En matière de planification, la députée Christelle Luisier a proposé dans une motion de modifier le PDCn de manière à permettre aux communes de calculer leurs besoins en logements pour les quinze prochaines années en prenant un taux de croissance de la population de 20% (au lieu de 15% actuellement). Ce taux ne sort pas d'une pochette surprise: il prend en compte la réalité de la dernière décennie, qui s'est soldée par une augmentation annuelle du nombre d'habitants dans le canton de l'ordre de 1,5%, et non de 1% (que reflète le taux de 15%). Rester arc-boutés sur des prévisions déjà dépassées par les dernières statistiques ne nous garantit qu'une chose: que la pénurie va continuer! Sur le plan du logement, la 3e adaptation du PDCn est donc un coup d'épée dans l'eau. Nous ne pouvons pas nous le permettre.

Ce Plan risque également de déployer des effets très négatifs dans le secteur du commerce. Le Conseil d'Etat persiste en effet dans a volonté de limiter drastiquement les nouveaux magasins dans les villes de petites à moyenne importance. Concrètement, tout nouveau commerce dépassant 1000 m2 de surface de vente ne pourra en principe plus être ouvert s'il n'y a pas 1500 habitants dans un rayon de 300 mètres (à moins qu'il ne propose que de l'alimentaire).

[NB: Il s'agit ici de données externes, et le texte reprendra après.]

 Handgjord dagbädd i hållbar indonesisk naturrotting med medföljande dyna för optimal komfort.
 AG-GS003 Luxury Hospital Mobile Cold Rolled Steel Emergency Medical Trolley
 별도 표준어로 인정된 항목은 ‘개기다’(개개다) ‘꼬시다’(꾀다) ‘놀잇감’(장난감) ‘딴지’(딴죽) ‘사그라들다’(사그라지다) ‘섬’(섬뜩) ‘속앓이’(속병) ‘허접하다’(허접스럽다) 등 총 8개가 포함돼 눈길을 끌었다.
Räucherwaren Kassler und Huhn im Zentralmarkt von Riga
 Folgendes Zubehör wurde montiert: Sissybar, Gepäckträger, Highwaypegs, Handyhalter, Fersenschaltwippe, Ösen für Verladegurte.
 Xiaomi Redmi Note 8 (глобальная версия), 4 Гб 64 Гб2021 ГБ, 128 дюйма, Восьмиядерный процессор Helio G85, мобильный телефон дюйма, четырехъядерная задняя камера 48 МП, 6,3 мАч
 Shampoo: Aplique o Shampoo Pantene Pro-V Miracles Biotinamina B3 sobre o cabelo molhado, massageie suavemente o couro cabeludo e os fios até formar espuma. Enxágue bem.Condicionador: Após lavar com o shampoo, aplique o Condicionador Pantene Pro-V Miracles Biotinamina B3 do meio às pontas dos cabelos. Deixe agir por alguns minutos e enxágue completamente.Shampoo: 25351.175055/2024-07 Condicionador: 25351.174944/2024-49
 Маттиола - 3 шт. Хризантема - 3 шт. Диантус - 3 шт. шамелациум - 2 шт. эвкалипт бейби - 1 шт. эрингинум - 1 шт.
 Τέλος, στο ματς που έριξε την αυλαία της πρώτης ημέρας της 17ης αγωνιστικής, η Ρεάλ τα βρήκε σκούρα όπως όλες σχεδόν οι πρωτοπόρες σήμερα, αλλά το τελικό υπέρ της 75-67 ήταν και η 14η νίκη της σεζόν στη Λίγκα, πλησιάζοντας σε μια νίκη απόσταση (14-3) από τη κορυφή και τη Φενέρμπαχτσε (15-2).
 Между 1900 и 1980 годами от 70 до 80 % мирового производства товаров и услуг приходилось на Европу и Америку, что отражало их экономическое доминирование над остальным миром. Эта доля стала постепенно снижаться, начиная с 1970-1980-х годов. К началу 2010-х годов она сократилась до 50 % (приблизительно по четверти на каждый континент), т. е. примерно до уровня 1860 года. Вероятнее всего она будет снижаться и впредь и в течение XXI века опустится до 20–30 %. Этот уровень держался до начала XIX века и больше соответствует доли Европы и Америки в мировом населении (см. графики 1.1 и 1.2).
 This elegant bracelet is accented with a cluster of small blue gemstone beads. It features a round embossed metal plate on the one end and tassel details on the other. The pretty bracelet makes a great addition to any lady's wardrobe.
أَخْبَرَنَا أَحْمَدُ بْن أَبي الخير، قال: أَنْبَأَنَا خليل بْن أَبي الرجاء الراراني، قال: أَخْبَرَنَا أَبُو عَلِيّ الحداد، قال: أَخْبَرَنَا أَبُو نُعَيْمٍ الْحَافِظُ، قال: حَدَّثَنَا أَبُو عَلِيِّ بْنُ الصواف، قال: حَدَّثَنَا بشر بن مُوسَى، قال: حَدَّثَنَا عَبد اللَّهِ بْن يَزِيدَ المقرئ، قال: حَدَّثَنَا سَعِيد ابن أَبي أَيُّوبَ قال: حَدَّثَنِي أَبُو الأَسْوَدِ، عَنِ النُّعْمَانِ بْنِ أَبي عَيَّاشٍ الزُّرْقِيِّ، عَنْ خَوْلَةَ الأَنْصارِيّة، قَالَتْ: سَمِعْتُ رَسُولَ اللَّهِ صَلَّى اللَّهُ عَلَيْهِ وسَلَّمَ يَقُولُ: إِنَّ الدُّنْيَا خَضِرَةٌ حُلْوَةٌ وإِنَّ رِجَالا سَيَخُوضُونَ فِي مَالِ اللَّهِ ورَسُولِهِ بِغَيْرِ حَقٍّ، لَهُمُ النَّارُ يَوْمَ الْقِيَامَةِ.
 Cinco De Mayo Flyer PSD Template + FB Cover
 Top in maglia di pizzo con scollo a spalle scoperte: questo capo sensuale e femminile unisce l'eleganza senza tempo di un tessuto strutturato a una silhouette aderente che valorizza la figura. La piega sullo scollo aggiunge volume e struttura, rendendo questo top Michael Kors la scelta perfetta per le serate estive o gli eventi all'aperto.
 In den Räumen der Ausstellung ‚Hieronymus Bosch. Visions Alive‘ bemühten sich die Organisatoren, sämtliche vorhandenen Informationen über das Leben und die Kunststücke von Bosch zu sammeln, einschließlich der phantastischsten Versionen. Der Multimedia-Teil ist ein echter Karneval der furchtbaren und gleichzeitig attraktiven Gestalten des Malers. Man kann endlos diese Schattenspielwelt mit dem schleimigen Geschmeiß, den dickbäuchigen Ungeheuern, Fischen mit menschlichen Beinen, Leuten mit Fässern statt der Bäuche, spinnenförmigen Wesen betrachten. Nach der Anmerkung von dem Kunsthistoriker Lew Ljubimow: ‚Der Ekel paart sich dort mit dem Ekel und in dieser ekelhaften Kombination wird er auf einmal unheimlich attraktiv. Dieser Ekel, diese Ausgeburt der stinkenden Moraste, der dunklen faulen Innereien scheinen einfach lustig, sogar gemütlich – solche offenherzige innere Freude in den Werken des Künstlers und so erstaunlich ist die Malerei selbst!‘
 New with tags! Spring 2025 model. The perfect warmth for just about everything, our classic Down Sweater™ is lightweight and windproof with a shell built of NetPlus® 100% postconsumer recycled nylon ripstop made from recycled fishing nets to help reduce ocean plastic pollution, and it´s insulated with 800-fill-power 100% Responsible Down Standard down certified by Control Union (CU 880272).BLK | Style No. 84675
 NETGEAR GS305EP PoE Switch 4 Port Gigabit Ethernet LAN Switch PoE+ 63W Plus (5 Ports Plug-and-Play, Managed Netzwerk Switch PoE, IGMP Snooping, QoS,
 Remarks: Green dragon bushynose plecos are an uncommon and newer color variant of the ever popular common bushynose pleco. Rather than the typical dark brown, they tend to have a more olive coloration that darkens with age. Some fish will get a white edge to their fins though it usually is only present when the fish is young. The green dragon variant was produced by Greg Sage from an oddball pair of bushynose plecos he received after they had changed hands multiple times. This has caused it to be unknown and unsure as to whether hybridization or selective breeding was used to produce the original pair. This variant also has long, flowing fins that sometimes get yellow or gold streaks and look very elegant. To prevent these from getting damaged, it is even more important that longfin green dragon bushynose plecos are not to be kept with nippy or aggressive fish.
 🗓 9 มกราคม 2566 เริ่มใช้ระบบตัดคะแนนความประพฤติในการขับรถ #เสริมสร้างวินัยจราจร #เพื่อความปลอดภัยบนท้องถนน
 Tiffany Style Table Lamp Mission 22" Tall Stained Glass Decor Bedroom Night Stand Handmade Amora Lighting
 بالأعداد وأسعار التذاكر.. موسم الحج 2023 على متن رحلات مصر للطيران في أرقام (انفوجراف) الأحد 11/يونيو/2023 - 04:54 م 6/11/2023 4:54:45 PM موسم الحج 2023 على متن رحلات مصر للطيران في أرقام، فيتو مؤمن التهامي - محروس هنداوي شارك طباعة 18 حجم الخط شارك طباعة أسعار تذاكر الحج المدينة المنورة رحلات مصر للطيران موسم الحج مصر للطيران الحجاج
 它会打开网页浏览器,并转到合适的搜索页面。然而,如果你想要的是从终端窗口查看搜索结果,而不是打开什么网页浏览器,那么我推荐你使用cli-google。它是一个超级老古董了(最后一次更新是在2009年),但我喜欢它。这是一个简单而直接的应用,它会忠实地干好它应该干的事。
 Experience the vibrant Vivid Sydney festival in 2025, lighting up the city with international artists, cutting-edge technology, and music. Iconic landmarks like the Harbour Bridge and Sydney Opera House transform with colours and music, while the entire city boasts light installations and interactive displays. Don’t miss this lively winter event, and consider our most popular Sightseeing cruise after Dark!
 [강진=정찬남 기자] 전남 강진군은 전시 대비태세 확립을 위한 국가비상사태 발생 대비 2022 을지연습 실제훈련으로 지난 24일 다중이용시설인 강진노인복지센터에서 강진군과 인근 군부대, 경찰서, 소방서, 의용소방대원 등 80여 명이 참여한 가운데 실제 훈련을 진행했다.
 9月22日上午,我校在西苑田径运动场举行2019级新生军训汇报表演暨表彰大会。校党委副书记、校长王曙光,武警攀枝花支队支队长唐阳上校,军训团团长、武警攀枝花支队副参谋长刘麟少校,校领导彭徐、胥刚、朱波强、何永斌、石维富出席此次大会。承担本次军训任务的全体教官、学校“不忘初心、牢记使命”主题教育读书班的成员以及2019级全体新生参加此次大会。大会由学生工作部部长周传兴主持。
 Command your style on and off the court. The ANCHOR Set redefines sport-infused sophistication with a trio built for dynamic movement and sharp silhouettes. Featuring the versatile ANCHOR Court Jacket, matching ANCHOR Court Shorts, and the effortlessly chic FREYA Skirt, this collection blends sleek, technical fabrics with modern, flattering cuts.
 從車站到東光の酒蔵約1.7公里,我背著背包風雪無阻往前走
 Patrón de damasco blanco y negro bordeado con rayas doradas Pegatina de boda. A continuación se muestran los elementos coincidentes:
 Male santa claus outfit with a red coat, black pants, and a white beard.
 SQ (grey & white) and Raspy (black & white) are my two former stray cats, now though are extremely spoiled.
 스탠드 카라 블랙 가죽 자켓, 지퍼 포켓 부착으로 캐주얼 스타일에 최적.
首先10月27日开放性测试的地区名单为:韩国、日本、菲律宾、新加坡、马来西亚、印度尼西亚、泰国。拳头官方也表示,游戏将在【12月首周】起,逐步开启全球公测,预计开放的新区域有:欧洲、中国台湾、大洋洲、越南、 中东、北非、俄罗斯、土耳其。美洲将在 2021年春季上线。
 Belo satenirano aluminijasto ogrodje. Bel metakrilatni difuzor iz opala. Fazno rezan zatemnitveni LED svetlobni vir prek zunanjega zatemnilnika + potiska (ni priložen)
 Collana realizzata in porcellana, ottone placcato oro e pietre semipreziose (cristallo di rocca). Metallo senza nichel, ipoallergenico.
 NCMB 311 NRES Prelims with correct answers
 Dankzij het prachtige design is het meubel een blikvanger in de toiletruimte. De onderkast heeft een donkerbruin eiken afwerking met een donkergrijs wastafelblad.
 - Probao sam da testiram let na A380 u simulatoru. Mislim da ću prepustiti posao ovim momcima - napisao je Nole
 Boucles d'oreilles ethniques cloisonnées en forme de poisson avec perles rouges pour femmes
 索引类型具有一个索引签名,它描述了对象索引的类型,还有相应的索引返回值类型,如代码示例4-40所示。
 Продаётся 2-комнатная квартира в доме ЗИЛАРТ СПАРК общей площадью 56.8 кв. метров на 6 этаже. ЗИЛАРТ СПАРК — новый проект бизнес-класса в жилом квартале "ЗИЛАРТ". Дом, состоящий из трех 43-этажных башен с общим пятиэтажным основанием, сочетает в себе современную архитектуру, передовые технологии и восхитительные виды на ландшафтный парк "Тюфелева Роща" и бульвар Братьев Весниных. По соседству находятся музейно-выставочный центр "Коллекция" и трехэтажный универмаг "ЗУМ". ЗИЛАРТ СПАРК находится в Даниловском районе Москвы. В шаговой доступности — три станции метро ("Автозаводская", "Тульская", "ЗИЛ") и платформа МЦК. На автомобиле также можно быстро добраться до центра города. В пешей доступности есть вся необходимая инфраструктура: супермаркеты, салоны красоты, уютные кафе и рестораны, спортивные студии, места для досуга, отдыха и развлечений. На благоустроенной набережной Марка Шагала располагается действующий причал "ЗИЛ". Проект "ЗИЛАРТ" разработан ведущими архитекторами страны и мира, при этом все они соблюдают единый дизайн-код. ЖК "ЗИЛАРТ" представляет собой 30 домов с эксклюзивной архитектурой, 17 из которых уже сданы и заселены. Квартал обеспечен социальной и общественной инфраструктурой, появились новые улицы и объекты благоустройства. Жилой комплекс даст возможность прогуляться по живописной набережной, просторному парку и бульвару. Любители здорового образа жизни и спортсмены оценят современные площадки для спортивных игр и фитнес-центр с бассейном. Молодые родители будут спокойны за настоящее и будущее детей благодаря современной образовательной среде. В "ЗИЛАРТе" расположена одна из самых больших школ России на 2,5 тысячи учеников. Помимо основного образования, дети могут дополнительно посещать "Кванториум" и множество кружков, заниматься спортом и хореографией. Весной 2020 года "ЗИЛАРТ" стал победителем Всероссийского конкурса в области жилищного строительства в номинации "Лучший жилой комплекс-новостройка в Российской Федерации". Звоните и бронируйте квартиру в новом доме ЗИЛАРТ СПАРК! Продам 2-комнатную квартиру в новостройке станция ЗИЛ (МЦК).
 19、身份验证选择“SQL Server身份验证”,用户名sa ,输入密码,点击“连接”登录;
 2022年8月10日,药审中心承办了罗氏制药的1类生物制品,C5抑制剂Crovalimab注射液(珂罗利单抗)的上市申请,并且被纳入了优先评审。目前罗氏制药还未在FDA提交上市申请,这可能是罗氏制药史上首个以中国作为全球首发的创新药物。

L'Etat a fait une petite concession en faisant passer la limite de 800 à 1000 m2 et l'avis de la commission d'experts chargée d'examiner les dossiers n'aura qu'un effet consultatif (et non contraignant, comme initialement prévu). Mais on est bien loin d'une solution satisfaisante. Le développement commercial des communes vaudoises – je parle ici de cités comme Avenches, Grandson ou Oron - ne saurait être réglé par des formules mathématiques aussi simplistes. Expérience faite, la démographie et l'évolution économique déjouent systématiquement toutes les prévisions: la meilleure chose à faire est de garder un cadre juridique flexible pour accompagner leur évolution.

22/05/2013

Voiture ou transports publics? Les Vaudois ne choisissent pas, ils veulent les deux

Près de trois quarts des kilomètres parcourus quotidiennement par les Vaudois le sont en transports individuels motorisés. Chaque habitant du canton effectue 37 kilomètres de déplacement quotidien, dont une distance de 14 kilomètres pour ses loisirs. Ces derniers trajets  arrivent devant ceux effectués pour se rendre au travail (10 kilomètres)!

Ces chiffres tirés de Statistique Vaud sont bien sûr de moyennes. Les citadins font de petits déplacements la semaine, le plus souvent en transports publics, mais couvrent de longues distances le week-end pour leurs loisirs. Et surtout en voiture (56% des ménages lausannois sont au moins propriétaires d'une voiture, qu'ils conduisent moins la semaine). Les habitants résidants en dehors des centres utilisent à l'inverse beaucoup plus leurs véhicules la semaine pour aller au travail, mais sont plus sédentaires que les citadins les samedis et dimanches. Au final, rats des villes et rats des champs sont tous consommateurs d'infrastructures routières et autoroutières.

Qu'en conclure? La densification des centres urbains – indispensable pour faire face à la pénurie de logements - ne nous dispensera pas de la nécessité d'améliorer le réseau routier. Car tout le monde utilise la voiture ou la moto. Que ce soit pour aller skier, au lac ou voir une exposition, que l'on soit lausannois, broyards ou chablaisiens! Les adversaires du trafic privé devraient en prendre conscience lorsqu'ils opposent systématiquement les transports publics à la route, en voulant donner une préférence au premier sous le prétexte qu'il faut décourager les gens de recourir à leur propre véhicule.

Ces dernières années, le trafic motorisé privé a diminué en ville de Lausanne, grâce à l'accroissement de l'offre en transports publics et en particulier du M2. Les jeunes passent plus tardivement leur permis de conduire (mais peut-être y-a-t-il aussi des raisons financières à cela…). Les habitudes changent. Mais la ville vit aussi de commerces, d'hôtels, de tourisme: les consommateurs et visiteurs doivent pouvoir accéder au centre sans entraves. A défaut, l'activité risque de se déplacer en périphérie. Au niveau cantonal comme dans les centres, transports publics et moyens individuels doivent absolument rester complémentaires! Et développés en parallèle, sans discriminations!